- **Task to complete**: Find "CHIEF Election Commissioner" in the material, then return exactly the line containing it and all lines after it to the end, leaving out pictures.

- **Collected data**:
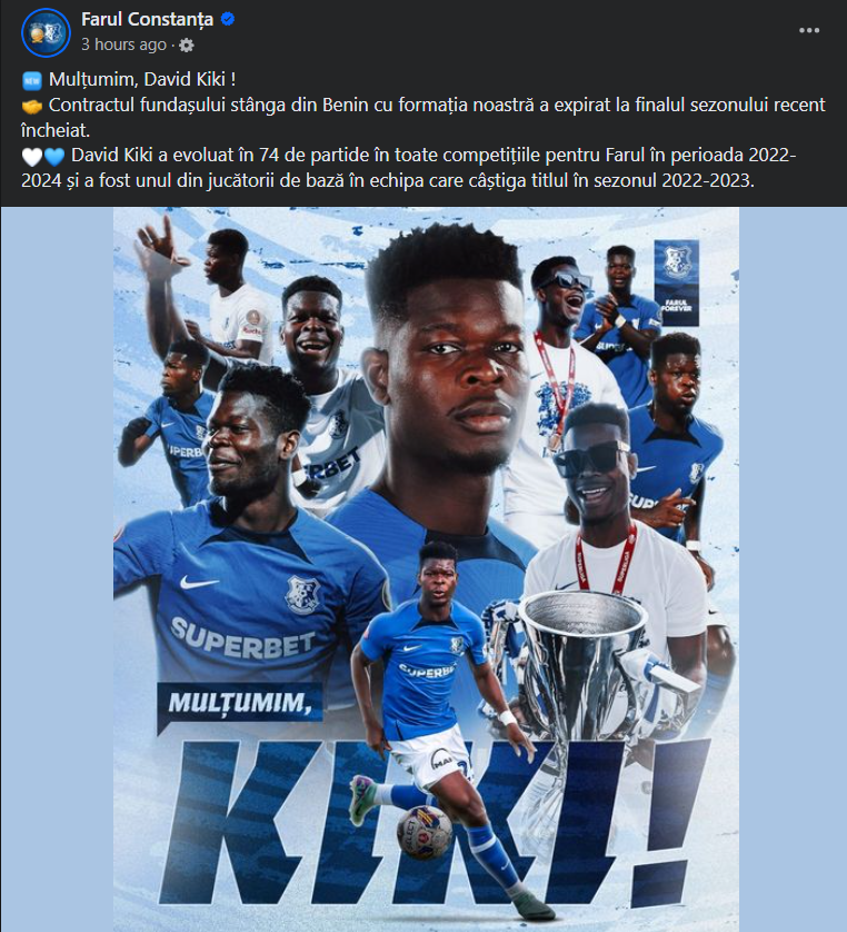 „Mulțumim, David Kiki! Contractul fundașului stânga din Benin cu formația noastră a expirat la finalul sezonului recent încheiat. David Kiki a evoluat în 74 de partide în toate competițiile pentru Farul în perioada 2022-2024 și a fost unul din jucătorii de bază în echipa care câștiga titlul în sezonul 2022-2023”, a fost mesajul postat pe Facebook de Farul Constanța.
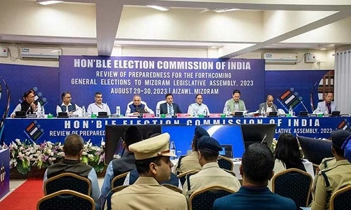CHIEF Election Commissioner (CEC) Rajiv Kumar on Wednesday met leaders of various political parties here to discuss poll-related issues ahead of the Mizoram Assembly elections scheduled later this year. Talking to reporters, Kumar said 95 polling booths will be managed by women and 11 by people with disabilities. He said the team met representatives of various parties including the Congress, Bharatiya Janata Party (BJP), AAP and Mizo National Front (MNF) to discuss election-related issues.
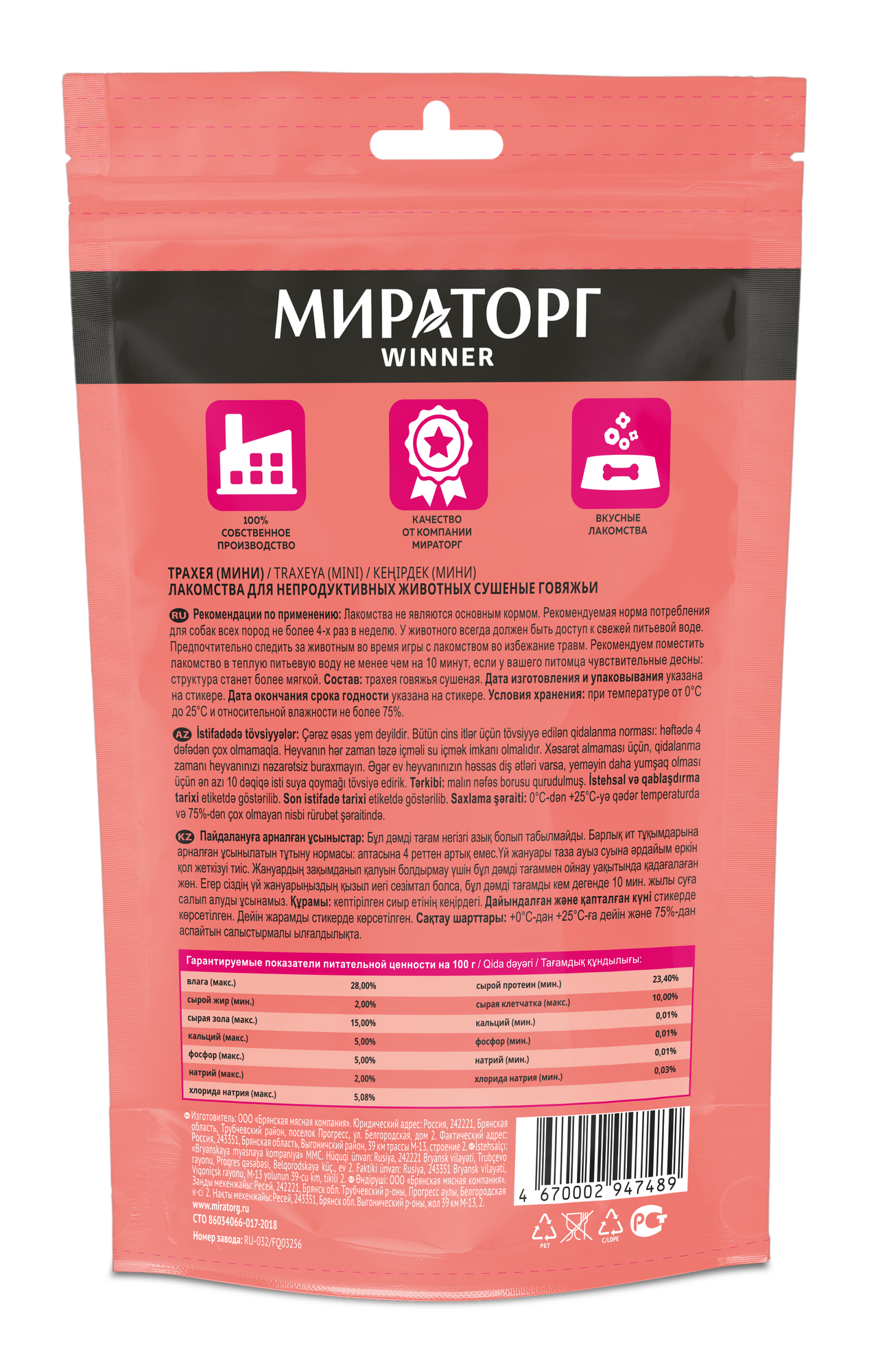 Winner Трахея говяжья для собак пакет, 50 гр
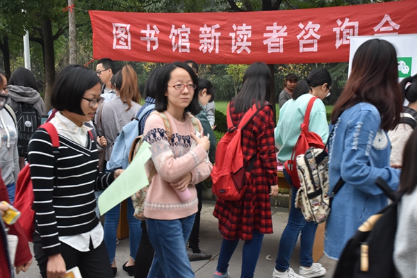 为主动了解和适应网络信息时代读者不断变化的需求,更有效地服务于新读者,使他们尽快地了解和学会使用图书馆各种资源,特别是数字文献资源,10月24日下午,图书馆在西馆门前举办了新生读者咨询会。本次咨询会是第十一届“读者服务宣传月”系列活动之一。图书馆党支部组织信息技术服务部、采编部和流通部的党员业务骨干现场向读者推介各类数字资源并答疑解惑。

- **Solution below**:
CHIEF Election Commissioner (CEC) Rajiv Kumar on Wednesday met leaders of various political parties here to discuss poll-related issues ahead of the Mizoram Assembly elections scheduled later this year. Talking to reporters, Kumar said 95 polling booths will be managed by women and 11 by people with disabilities. He said the team met representatives of various parties including the Congress, Bharatiya Janata Party (BJP), AAP and Mizo National Front (MNF) to discuss election-related issues.
 Winner Трахея говяжья для собак пакет, 50 гр
 为主动了解和适应网络信息时代读者不断变化的需求,更有效地服务于新读者,使他们尽快地了解和学会使用图书馆各种资源,特别是数字文献资源,10月24日下午,图书馆在西馆门前举办了新生读者咨询会。本次咨询会是第十一届“读者服务宣传月”系列活动之一。图书馆党支部组织信息技术服务部、采编部和流通部的党员业务骨干现场向读者推介各类数字资源并答疑解惑。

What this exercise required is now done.